- Exercise brief
Output the records exactly, with no line skipped.
═══ Data in this exercise ═══
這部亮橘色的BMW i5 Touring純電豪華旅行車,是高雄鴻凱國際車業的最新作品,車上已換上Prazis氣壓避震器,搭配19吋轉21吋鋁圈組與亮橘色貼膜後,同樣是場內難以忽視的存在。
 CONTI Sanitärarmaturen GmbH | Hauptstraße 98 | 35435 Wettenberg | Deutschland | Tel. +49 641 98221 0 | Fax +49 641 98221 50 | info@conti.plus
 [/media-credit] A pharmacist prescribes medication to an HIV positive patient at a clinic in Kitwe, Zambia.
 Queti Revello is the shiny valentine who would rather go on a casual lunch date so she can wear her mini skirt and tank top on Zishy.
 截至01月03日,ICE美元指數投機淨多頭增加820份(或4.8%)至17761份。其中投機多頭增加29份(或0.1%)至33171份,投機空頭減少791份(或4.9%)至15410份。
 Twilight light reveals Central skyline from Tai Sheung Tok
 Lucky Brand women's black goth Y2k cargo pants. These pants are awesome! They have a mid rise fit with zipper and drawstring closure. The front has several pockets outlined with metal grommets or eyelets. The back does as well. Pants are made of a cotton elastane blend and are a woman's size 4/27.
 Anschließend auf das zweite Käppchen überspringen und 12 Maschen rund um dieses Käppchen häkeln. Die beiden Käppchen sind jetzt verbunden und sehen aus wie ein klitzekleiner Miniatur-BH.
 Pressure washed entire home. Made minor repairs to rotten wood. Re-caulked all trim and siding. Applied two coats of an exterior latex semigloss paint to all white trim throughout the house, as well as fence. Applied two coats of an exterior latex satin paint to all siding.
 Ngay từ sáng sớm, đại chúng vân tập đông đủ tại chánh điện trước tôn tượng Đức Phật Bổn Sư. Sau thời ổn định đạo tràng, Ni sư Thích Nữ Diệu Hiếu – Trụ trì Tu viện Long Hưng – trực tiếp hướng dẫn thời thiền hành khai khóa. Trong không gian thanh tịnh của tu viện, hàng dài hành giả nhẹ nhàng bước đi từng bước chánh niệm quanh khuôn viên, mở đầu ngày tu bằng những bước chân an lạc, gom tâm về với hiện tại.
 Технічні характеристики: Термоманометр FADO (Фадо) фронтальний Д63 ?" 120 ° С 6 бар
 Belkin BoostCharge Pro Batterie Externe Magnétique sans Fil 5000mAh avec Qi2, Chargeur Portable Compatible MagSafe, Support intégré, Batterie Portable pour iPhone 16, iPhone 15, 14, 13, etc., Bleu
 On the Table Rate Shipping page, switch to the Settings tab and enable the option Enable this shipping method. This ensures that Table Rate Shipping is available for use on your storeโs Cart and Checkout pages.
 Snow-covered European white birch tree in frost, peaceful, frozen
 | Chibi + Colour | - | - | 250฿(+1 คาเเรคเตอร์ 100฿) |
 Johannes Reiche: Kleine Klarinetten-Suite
═══
- Your response
這部亮橘色的BMW i5 Touring純電豪華旅行車,是高雄鴻凱國際車業的最新作品,車上已換上Prazis氣壓避震器,搭配19吋轉21吋鋁圈組與亮橘色貼膜後,同樣是場內難以忽視的存在。
 CONTI Sanitärarmaturen GmbH | Hauptstraße 98 | 35435 Wettenberg | Deutschland | Tel. +49 641 98221 0 | Fax +49 641 98221 50 | info@conti.plus
 [/media-credit] A pharmacist prescribes medication to an HIV positive patient at a clinic in Kitwe, Zambia.
 Queti Revello is the shiny valentine who would rather go on a casual lunch date so she can wear her mini skirt and tank top on Zishy.
 截至01月03日,ICE美元指數投機淨多頭增加820份(或4.8%)至17761份。其中投機多頭增加29份(或0.1%)至33171份,投機空頭減少791份(或4.9%)至15410份。
 Twilight light reveals Central skyline from Tai Sheung Tok
 Lucky Brand women's black goth Y2k cargo pants. These pants are awesome! They have a mid rise fit with zipper and drawstring closure. The front has several pockets outlined with metal grommets or eyelets. The back does as well. Pants are made of a cotton elastane blend and are a woman's size 4/27.
 Anschließend auf das zweite Käppchen überspringen und 12 Maschen rund um dieses Käppchen häkeln. Die beiden Käppchen sind jetzt verbunden und sehen aus wie ein klitzekleiner Miniatur-BH.
 Pressure washed entire home. Made minor repairs to rotten wood. Re-caulked all trim and siding. Applied two coats of an exterior latex semigloss paint to all white trim throughout the house, as well as fence. Applied two coats of an exterior latex satin paint to all siding.
 Ngay từ sáng sớm, đại chúng vân tập đông đủ tại chánh điện trước tôn tượng Đức Phật Bổn Sư. Sau thời ổn định đạo tràng, Ni sư Thích Nữ Diệu Hiếu – Trụ trì Tu viện Long Hưng – trực tiếp hướng dẫn thời thiền hành khai khóa. Trong không gian thanh tịnh của tu viện, hàng dài hành giả nhẹ nhàng bước đi từng bước chánh niệm quanh khuôn viên, mở đầu ngày tu bằng những bước chân an lạc, gom tâm về với hiện tại.
 Технічні характеристики: Термоманометр FADO (Фадо) фронтальний Д63 ?" 120 ° С 6 бар
 Belkin BoostCharge Pro Batterie Externe Magnétique sans Fil 5000mAh avec Qi2, Chargeur Portable Compatible MagSafe, Support intégré, Batterie Portable pour iPhone 16, iPhone 15, 14, 13, etc., Bleu
 On the Table Rate Shipping page, switch to the Settings tab and enable the option Enable this shipping method. This ensures that Table Rate Shipping is available for use on your storeโs Cart and Checkout pages.
 Snow-covered European white birch tree in frost, peaceful, frozen
 | Chibi + Colour | - | - | 250฿(+1 คาเเรคเตอร์ 100฿) |
 Johannes Reiche: Kleine Klarinetten-Suite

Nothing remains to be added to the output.